Hello, I’m a bit confused about how to accumulate the batch losses to obtain the epoch loss.

Two questions:

Is #1 (see comments below) correct way to calculate loss with masks)

Is #2 correct way to report epoch loss)

optimizer = torch.optim.Adam(model.parameters, lr=1e-3, weight_decay=1e-5)
criterion = torch.nn.BCEWithLogitsLoss(pos_weight=pos_weight)
for epoch in range(10):
EPOCH_LOSS = 0.
for inputs, gt_labels, masks in training_dataloader:
optimizer.zero_grad()
outputs = model(inputs)
#1: Is this the correct way to calculate batch loss? Do I multiply batch_loss with outputs.shape[0[ before adding it to epoch_loss?
batch_loss = (masks * criterion(outputs, gt_labels.float())).mean()
EPOCH_LOSS += batch_loss
loss.backward()
optimizer.step()
#2: then what do I do here? Do I divide the EPOCH_LOSS with len(training_dataloader)?
print(f'EPOCH LOSS: {EPOCH_LOSS/len(training_dataloader)}:.3f')

BCEWithLogitsLoss returns a float tensor having a single element unless you call it with reduction='none'. Would you explain a bit more about what masks does in your model?

Since batch_loss is a tensor, it is recommended to use EPOCH_LOSS += batch_loss.item() instead of EPOCH_LOSS += batch_loss.

What I know is the length of dataloader(generator) is determined to round(len(dataset) / batch_size). EPOCH_LOSS / len(dataset) would be correct.

So my outputs shape is (14, 10, 128), where 14 is the batch_size, 10 is the seq_len, and 128 is the object vector where if an element in sequence belongs to any of 128 objects, it is marked as 1 and 0 otherwise. The mask tells us the true length of the sequences. So, its shape is (14, 10). For instance, the first sequence might only have 3 elements (so it’s true shape would be 3 x 128), and the rest (7 x 128) is just padding.

So basically, I should divide it by len(dataloader.dataset)?

Not always. As you can see from the implementation, the length of the dataset depends on a few factors.

def __len__(self) -> int:
if self._dataset_kind == _DatasetKind.Iterable:
# NOTE [ IterableDataset and __len__ ]
#
# For `IterableDataset`, `__len__` could be inaccurate when one naively
# does multi-processing data loading, since the samples will be duplicated.
# However, no real use case should be actually using that behavior, so
# it should count as a user error.
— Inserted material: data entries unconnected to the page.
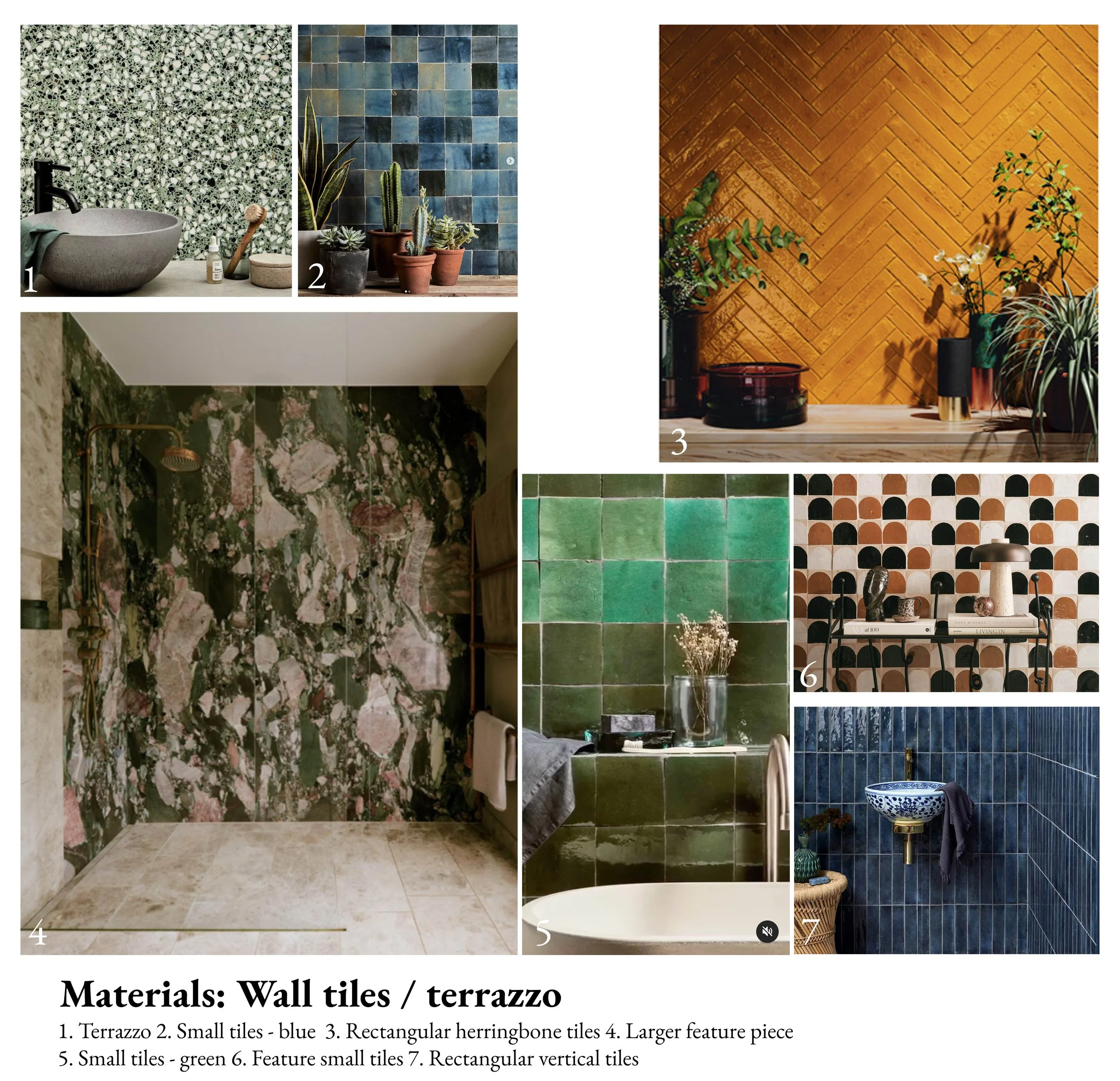 terrazzo, glazed tiles, herringbone patterns in warm earthy tones
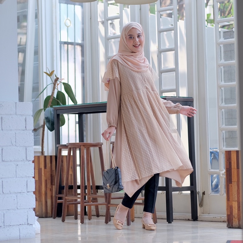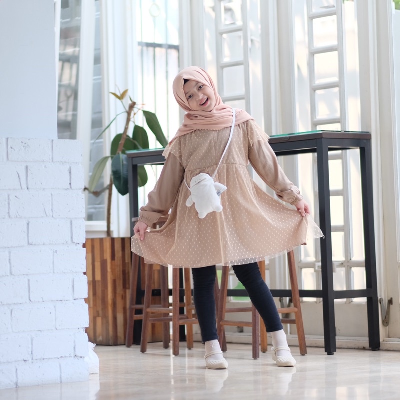TUNIK COUPLE IBU DAN ANAK TUNIK COUPLE ELEGANT TUNIK TULLE POLKA
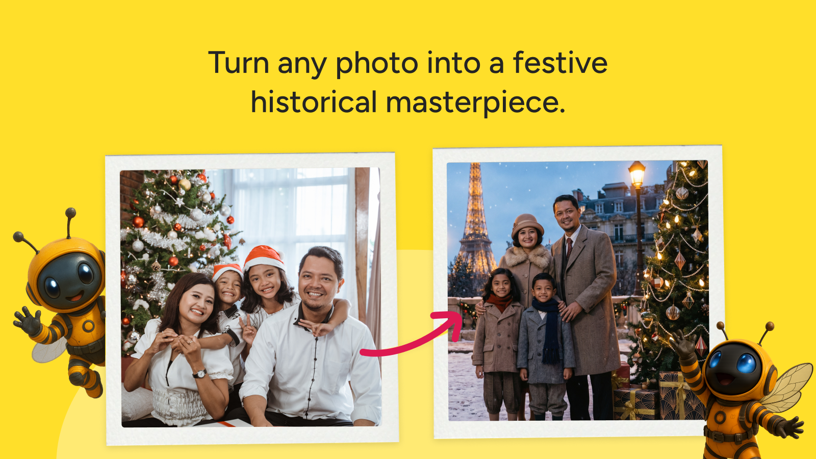 - Effortless photo transformation: Upload any personal photo, and watch it become part of a festive scene.

We should generally trust user
# code to do the proper thing (e.g., configure each replica differently
# in `__iter__`), and give us the correct `__len__` if they choose to
# implement it (this will still throw if the dataset does not implement
# a `__len__`).
#
# To provide a further warning, we track if `__len__` was called on the
# `DataLoader`, save the returned value in `self._len_called`, and warn
# if the iterator ends up yielding more than this number of samples.
# Cannot statically verify that dataset is Sized
length = self._IterableDataset_len_called = len(self.dataset) # type: ignore[assignment, arg-type]
if self.batch_size is not None: # IterableDataset doesn't allow custom sampler or batch_sampler
from math import ceil
if self.drop_last:
length = length // self.batch_size
else:
length = ceil(length / self.batch_size)
return length
else:
return len(self._index_sampler)

If you have specified the bath_size and drop_last is true: you have to divide by len(dataloader) * batch_size

If you have specified the bath_size and drop_last is false: you have to divide by len(dataset)

If you didn’t specify the batch_size: you have to look at the sampler or batch_sampler

In his case not, because he selects just the valid data given the mask. If instead you would compute the loss for your original outputs and labels, then you would need to mask the output.